25/05/22 17:44:10 WARN SparkSession: Using an existing Spark session; only runtime SQL configurations will take effect.


In [2]:
hdfs_path = '/data/olist/'

In [3]:
customers_df = spark.read.csv(hdfs_path + 'olist_customers_dataset.csv', inferSchema='true', header='true')
geolocation_df = spark.read.csv(hdfs_path + 'olist_geolocation_dataset.csv', inferSchema='true', header='true')
order_items_df = spark.read.csv(hdfs_path + 'olist_order_items_dataset.csv', inferSchema='true', header='true')
order_payments_df = spark.read.csv(hdfs_path + 'olist_order_payments_dataset.csv', inferSchema='true', header='true')
order_reviews_df = spark.read.csv(hdfs_path + 'olist_order_reviews_dataset.csv', inferSchema='true', header='true')
orders_df = spark.read.csv(hdfs_path + 'olist_orders_dataset.csv', inferSchema='true', header='true')

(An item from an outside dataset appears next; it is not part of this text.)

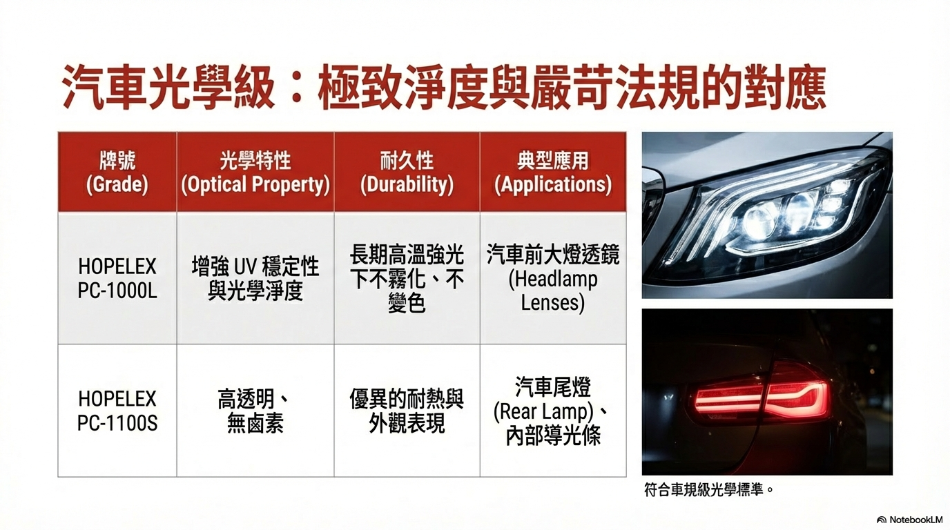 應用用途: 汽車前大燈透鏡(Headlamp Lenses)、信號燈罩。這類應用要求材料在長期高溫與強光照射下不發生霧化或變色,以確保配光性能符合法規。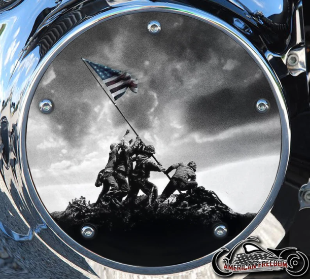 Honor the bravery and sacrifice of our U.S. veterans with this custom handmade Harley Davidson derby cover, featuring a memorial tribute design of the infamous Iwo Jima flag-raising. Made with precision craftsmanship, this derby cover is built with a durable aluminum hard coat and is available in multiple sizes to fit various Harley Davidson models.

products_df = spark.read.csv(hdfs_path + 'olist_products_dataset.csv', inferSchema='true', header='true')
sellers_df = spark.read.csv(hdfs_path + 'olist_sellers_dataset.csv', inferSchema='true', header='true')
product_category_translation_df = spark.read.csv(hdfs_path + 'product_category_name_translation.csv', inferSchema='true', header='true')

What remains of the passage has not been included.